Source material
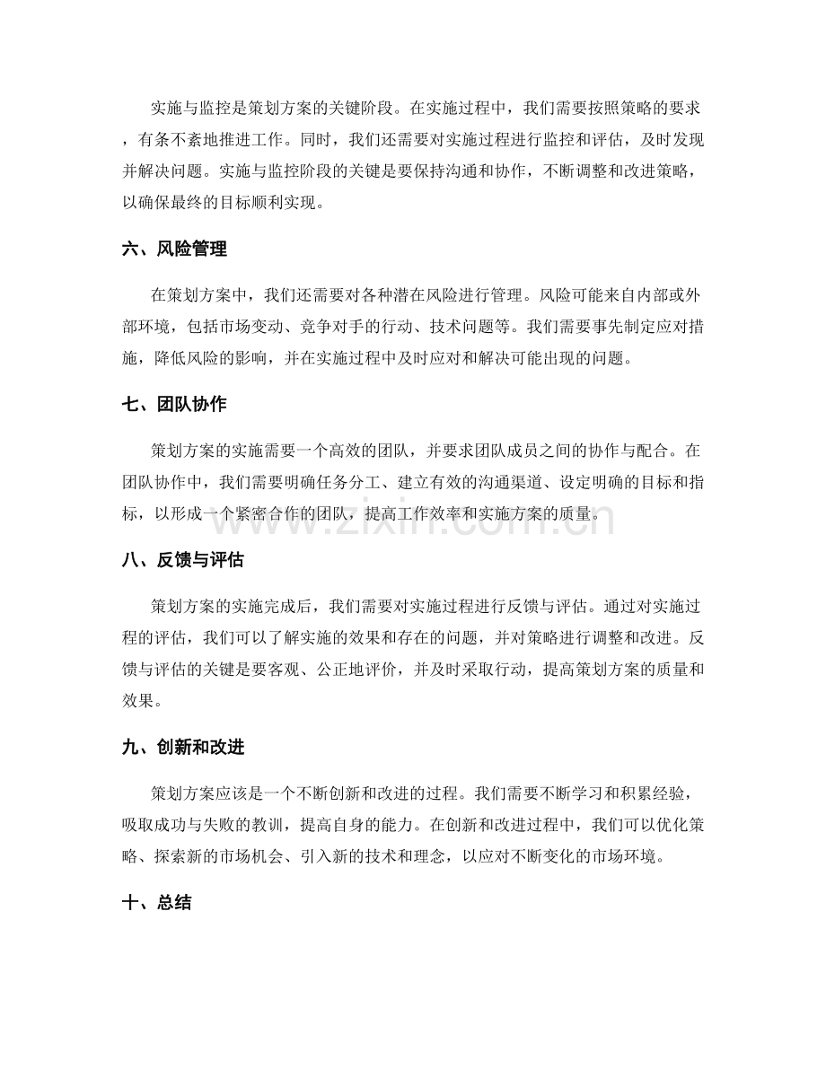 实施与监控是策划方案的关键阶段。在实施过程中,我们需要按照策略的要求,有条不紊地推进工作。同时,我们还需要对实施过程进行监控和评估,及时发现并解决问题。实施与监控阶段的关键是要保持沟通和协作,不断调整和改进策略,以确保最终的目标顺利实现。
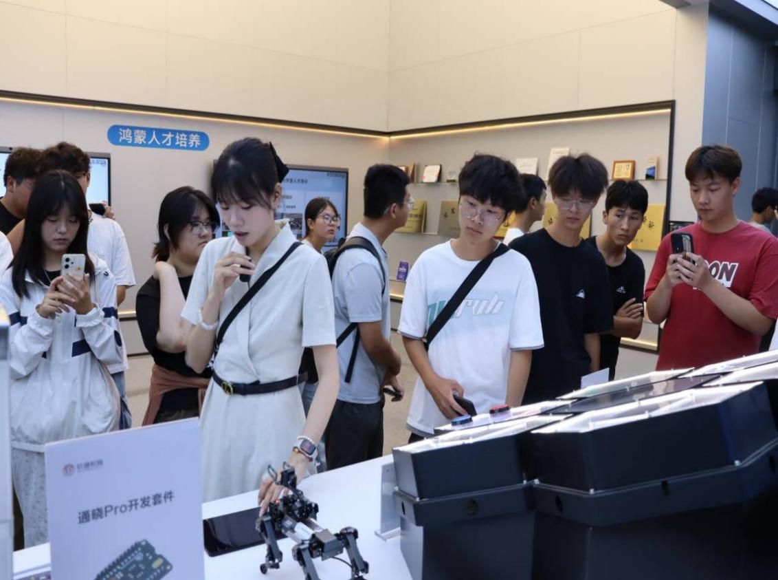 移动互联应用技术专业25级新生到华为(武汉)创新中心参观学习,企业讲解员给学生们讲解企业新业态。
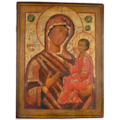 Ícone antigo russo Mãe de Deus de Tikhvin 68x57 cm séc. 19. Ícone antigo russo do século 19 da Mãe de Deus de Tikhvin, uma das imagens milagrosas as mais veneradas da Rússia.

Task
Retype the data word for word and keep the pictures out of it.

Completed exercise
 实施与监控是策划方案的关键阶段。在实施过程中,我们需要按照策略的要求,有条不紊地推进工作。同时,我们还需要对实施过程进行监控和评估,及时发现并解决问题。实施与监控阶段的关键是要保持沟通和协作,不断调整和改进策略,以确保最终的目标顺利实现。
 移动互联应用技术专业25级新生到华为(武汉)创新中心参观学习,企业讲解员给学生们讲解企业新业态。
 Ícone antigo russo Mãe de Deus de Tikhvin 68x57 cm séc. 19. Ícone antigo russo do século 19 da Mãe de Deus de Tikhvin, uma das imagens milagrosas as mais veneradas da Rússia.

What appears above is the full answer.